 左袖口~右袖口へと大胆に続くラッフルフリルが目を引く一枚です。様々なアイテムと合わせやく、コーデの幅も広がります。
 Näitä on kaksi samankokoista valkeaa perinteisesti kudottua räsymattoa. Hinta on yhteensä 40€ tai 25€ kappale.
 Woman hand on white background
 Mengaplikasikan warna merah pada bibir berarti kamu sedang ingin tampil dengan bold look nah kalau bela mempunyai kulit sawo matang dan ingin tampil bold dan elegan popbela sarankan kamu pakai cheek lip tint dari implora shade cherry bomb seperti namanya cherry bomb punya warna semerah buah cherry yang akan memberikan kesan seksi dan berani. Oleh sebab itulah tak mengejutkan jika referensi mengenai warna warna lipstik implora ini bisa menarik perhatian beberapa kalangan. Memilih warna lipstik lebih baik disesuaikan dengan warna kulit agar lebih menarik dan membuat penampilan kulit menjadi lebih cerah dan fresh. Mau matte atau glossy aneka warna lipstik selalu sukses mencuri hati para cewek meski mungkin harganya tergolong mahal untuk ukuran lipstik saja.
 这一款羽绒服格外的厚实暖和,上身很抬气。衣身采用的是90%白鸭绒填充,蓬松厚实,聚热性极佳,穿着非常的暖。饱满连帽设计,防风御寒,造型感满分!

---

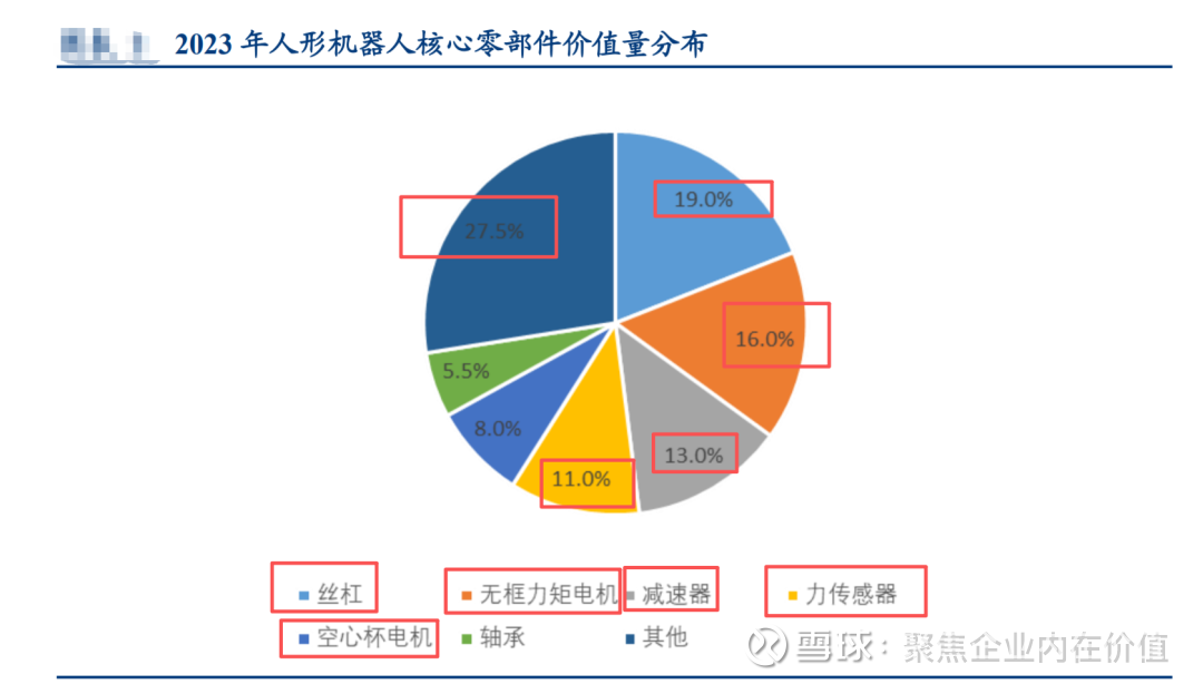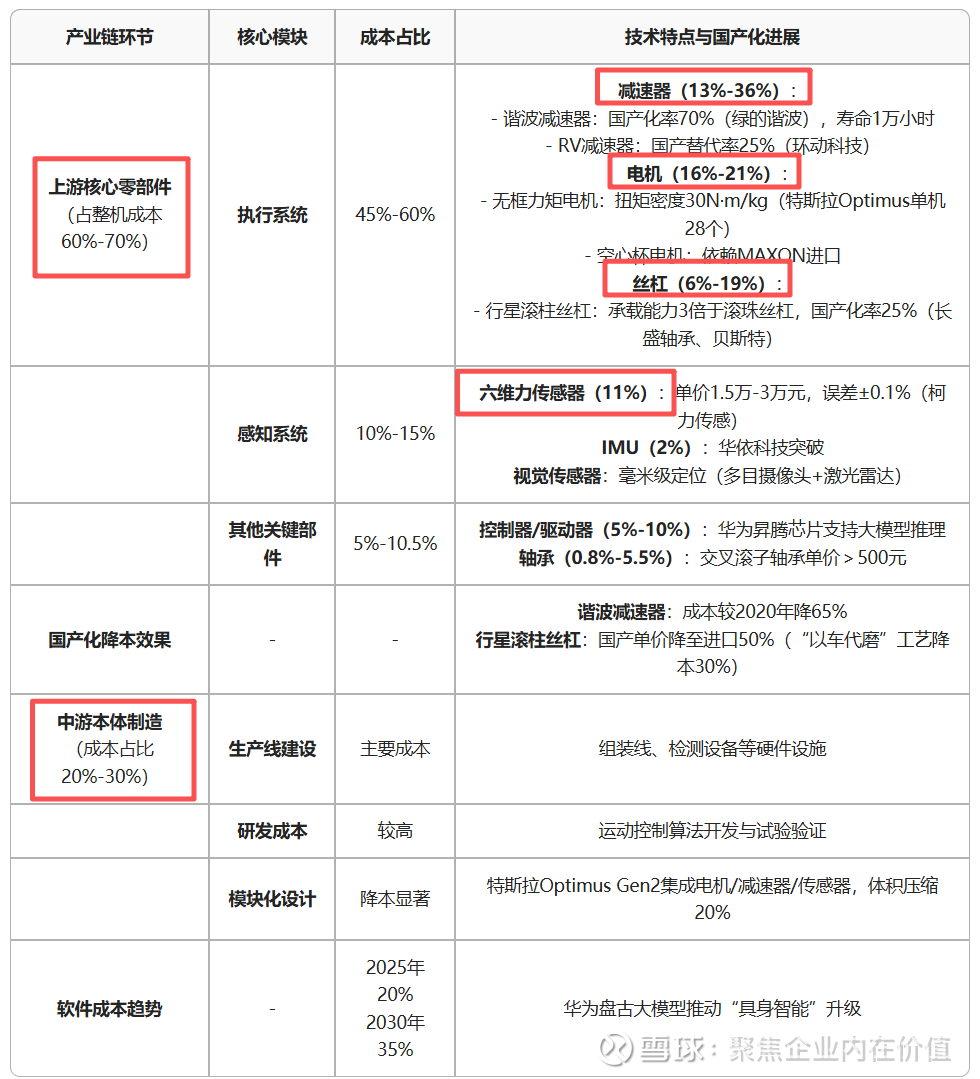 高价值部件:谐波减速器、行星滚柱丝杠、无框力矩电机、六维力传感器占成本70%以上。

* TO DO
What you return should be exactly the lines above, starting at the one with "Näitä on kaksi" and ending at the one with "Woman hand on white background", and nothing else.

* ANSWER TO THIS PROBLEM
 Näitä on kaksi samankokoista valkeaa perinteisesti kudottua räsymattoa. Hinta on yhteensä 40€ tai 25€ kappale.
 Woman hand on white background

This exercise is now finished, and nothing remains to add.